The patent also describes the process behind how Google might check for changes on a page, comparing a newer version of a page to an older version, and associating an age with the older content and with the newer content. I’m reminded a little of a Yahoo patent that I wrote about a few years ago, in a post titled A Yahoo Approach to Avoid Crawling Advertisement and Session Tracking Links.

In the Yahoo patent I described in that post, we were told that the search engine might crawl pages a minute or so after a first crawl to see if there was content or links that changed from the first to second crawls, which might help the search engine in identifying those sections or links as advertisements or URLs that might contain unique session tracking parameters for different visitors. Yahoo might not crawl the newer URLs in those links, which it might consider to be “transient.”

In the Google patent, we’re told that if the differences in ages of the older content and the newer content aren’t that great, the search engine may continue to display the old content rather than updating its index to include the new content as well. After some additional crawls, if Google sees the newer content reach a certain age, it may then index the newer version of the page with the new content.

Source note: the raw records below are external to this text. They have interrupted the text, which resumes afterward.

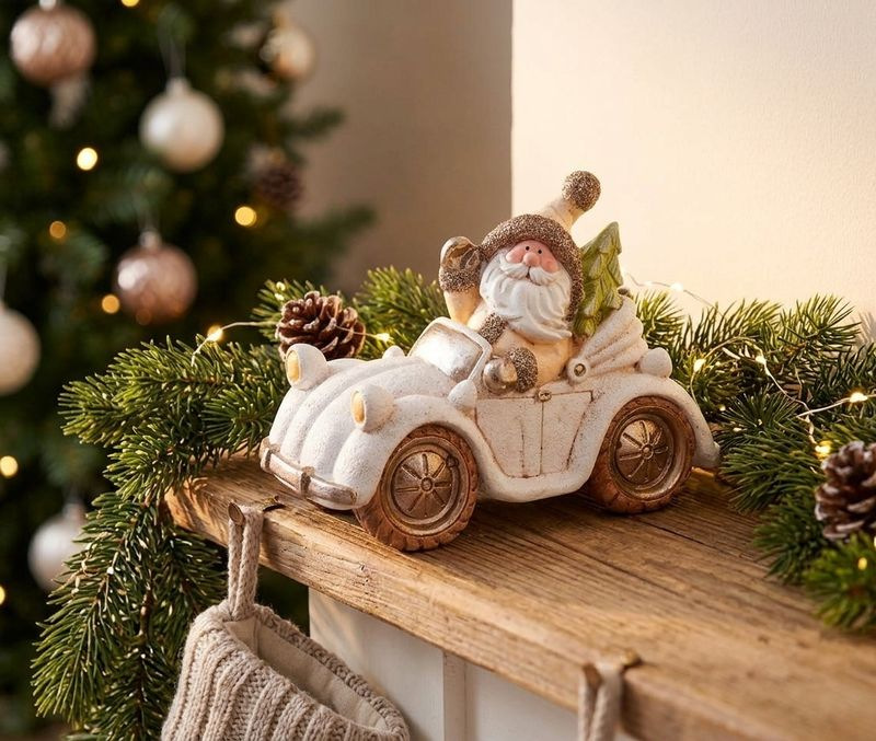 Dekorácia MagicHome Vianoce, Santa v aute, retro, keramika, 46,50x19,50x31,50 cm
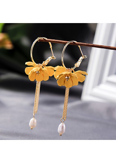 Flower Design Chain Tassel Metal Earring Set FREE Shipping & 30 Days Easy Return
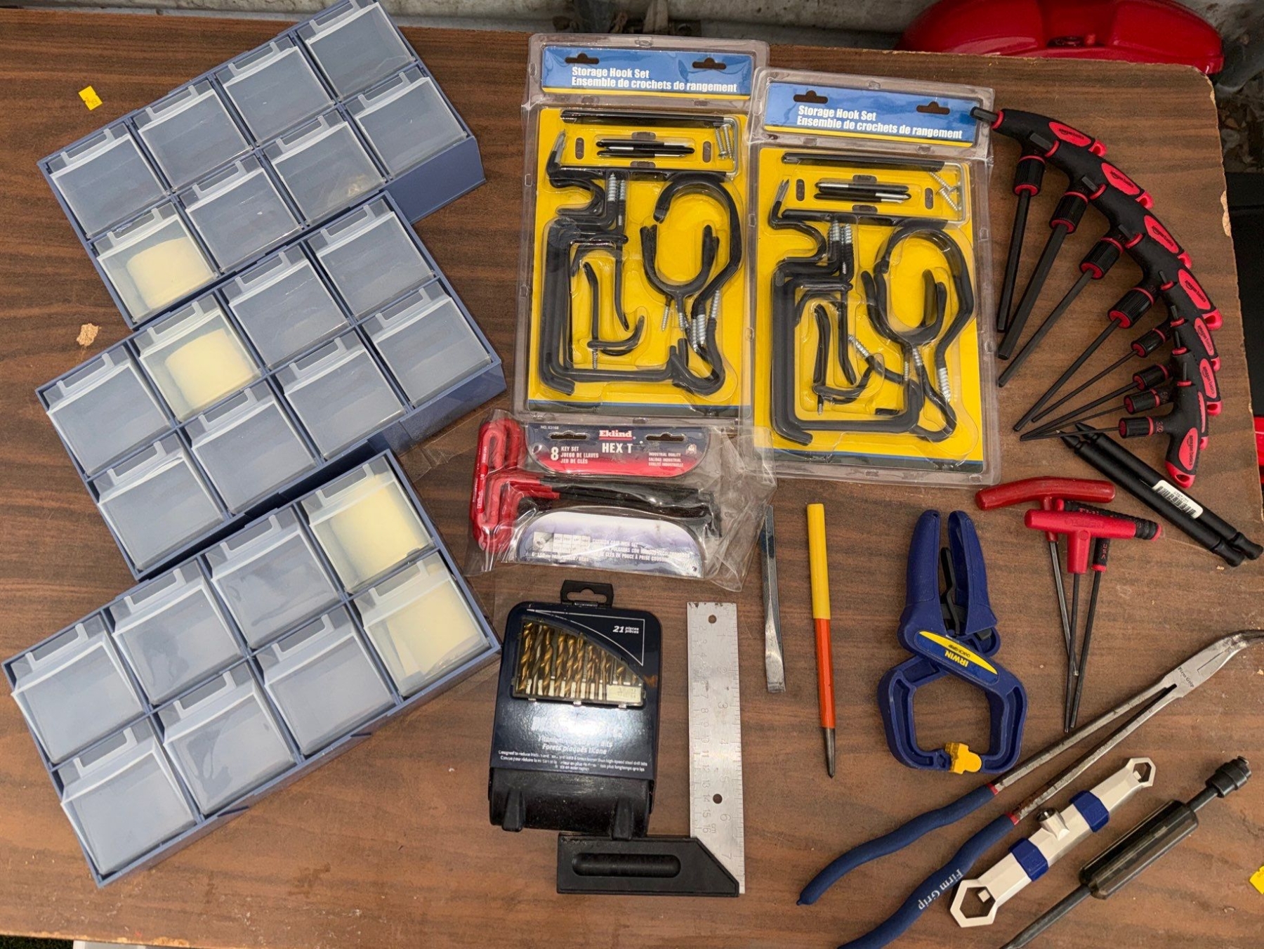 Lot 43 Garage Organizers Utility Hooks Drill Bits Hand Tools & More

Updating search engine document index based on calculated age of changed portions in a document
Invented by Joachim Kupke and Jeff Cox
Assigned to Google Inc.
US Patent 8,001,462
Granted August 16, 2011
Filed: January 30, 2009

Abstract

A system receives a document that includes new content and aged content, and compares the document with a prior version of the document that includes the aged content but not the new content. The system also separates the new content and the aged content based on the comparison, determines ages associated with the new content and the aged content, and determines whether the ages of the new content and the aged content are greater than or equal to an age threshold.

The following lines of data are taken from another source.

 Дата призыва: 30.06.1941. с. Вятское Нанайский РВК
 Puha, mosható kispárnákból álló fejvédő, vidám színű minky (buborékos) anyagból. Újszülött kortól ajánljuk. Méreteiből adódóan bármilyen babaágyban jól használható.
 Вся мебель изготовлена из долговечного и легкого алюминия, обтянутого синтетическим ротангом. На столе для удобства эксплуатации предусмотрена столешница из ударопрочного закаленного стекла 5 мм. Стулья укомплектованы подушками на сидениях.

The system further calculates a checksum of the document based on the aged content when the age of the aged content is greater than or equal to the age threshold, and the age of the new content is less than the age threshold, and stores the calculated checksum.

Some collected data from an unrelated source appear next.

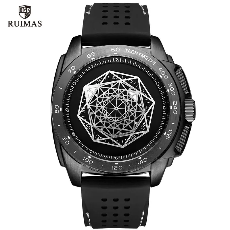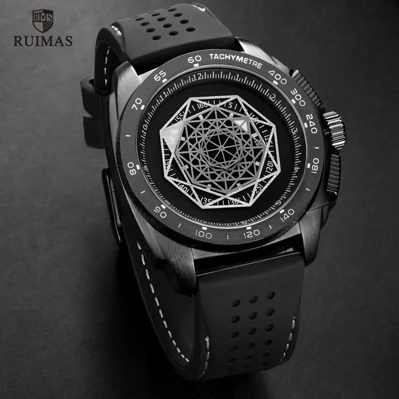 Special RUIMAS Silicone Sports Watches Men Fashion Causal Wristwatch Relogios Masculino Man Clock Luxury Army Quartz Watch 554 Black
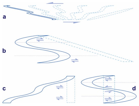 Four different models of folding create asymmetric folds that show opposite vergence of the sense of shear: (a) Increasing strain (to the left in this figure) when the initial layer is at a low angle to axial plane in simple shear folding [81,82]; (b) Initial layer at a low angle to axial plane, heterogeneous simple shear with a constant sense of shear parallel to the axial plane [83]; (c) Initial layer at a right angle to axial plane, asymmetric folds produced by heterogeneous simple shear with a constant sense of shear parallel to the axial plane [79]; (d) Initial layer at a right angle to axial plane, heterogeneous simple shear parallel to axial plane, reversal of shear sense across axial plane [84].
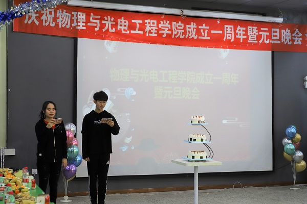 12月31日,tyc7111cc太阳成集团成立一周年暨元旦晚会于理学楼咖啡厅隆重举行。本次晚会由光学专业李享,光学工程专业雷宗霖主持,学院的老师和部分研究生参加本次晚会,并带来了合唱、舞蹈、独唱、独奏等精彩节目和各类有趣的小游戏。
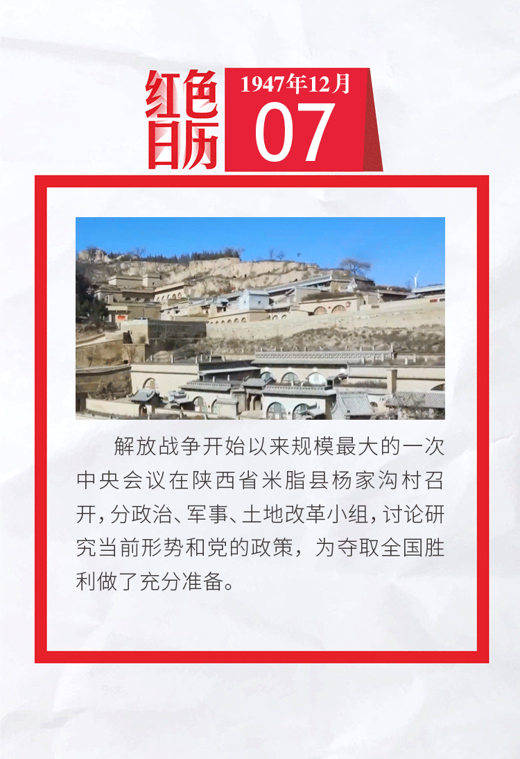 1947年的今天,解放战争开始以来规模最大的一次中央会议召开|红色日历 ©原创 2023-12-07 11:16 0 图片来源:《百炼成钢·党史上的今天》 整理:喻鑫 设计:陈昌 制作:张莉 【编辑:邓腊秀】
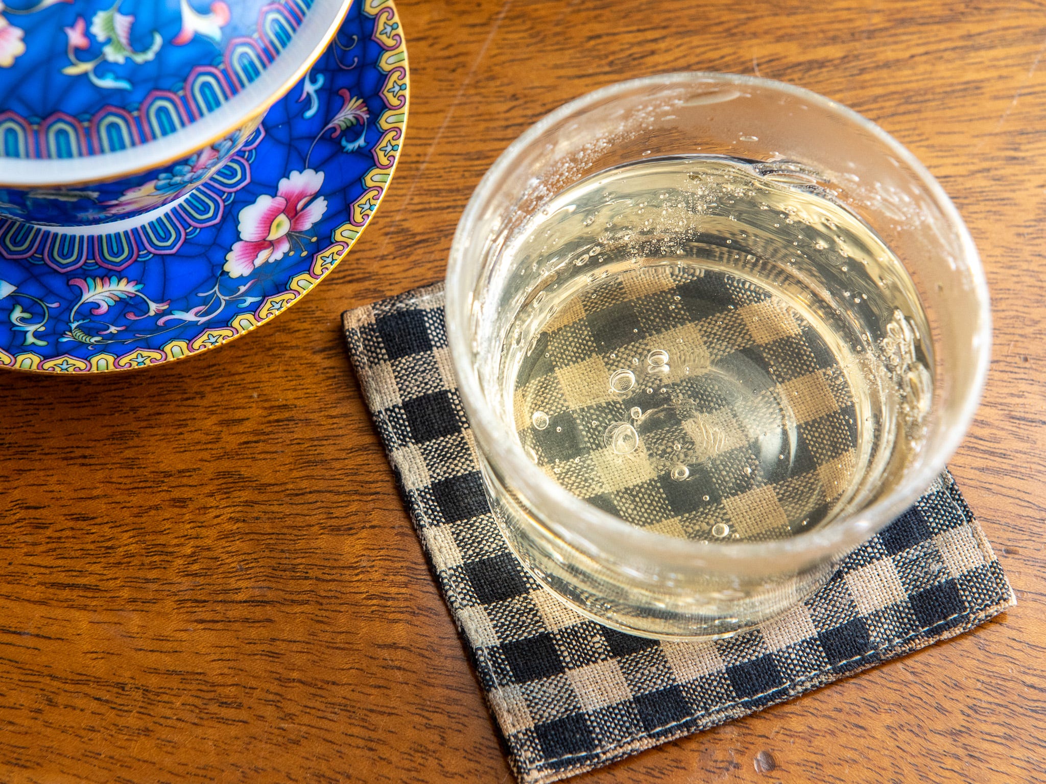 To brew: Harmony tastes clean and bright with abundant white flower aromas. This batch is on the greener side of white teas, with a slightly spicy garden vegetable impression from the wet leaves. There’s a nice finishing sweetness carried by a moderate body that reminds me of chewing softened marshmallow. It feels like clean linens drying on laundry lines in summertime. To get this brew, I used 3 grams in a 150 milliliter pot (1g/50ml) with water that I cooled by repeated decanting. I poured boiling water into a cup, which reduced its temperature to 200°F (93°C). Then I dribbled the water from the cup into my pot, which brought the temperature down further to 180°. After 1 minute of steeping with the lid off, the water bottomed out at 155°. You can see how quickly water temperature drops during brewing. In the case of a delicate white tea, thermodynamics work in our favor.

The focus of this patent seems aimed at keeping the search engine from reindexing pages after recrawling those pages where it finds some changes to the pages such as new advertisements being displayed or updated lists of related links. It makes sense for a search engine to not reindex the content of a page too quickly after those types of changes since doing so could result in reindexing many pages where there really hasn’t been any substantive changes to those pages.

I suspect that this process acts to throttle how quickly a search engine might update its index when it discovers new content on pages, regardless of whether those changes are slight changes to the content of a page or even possibly the posting of a new blog post. Since many pages on the Web do have components that might show new content everytime they are crawled, allowing a certain amount of time to pass before reindexing the content of a page might make sense, especially when the age differences between the older content and the newer content isn’t that great.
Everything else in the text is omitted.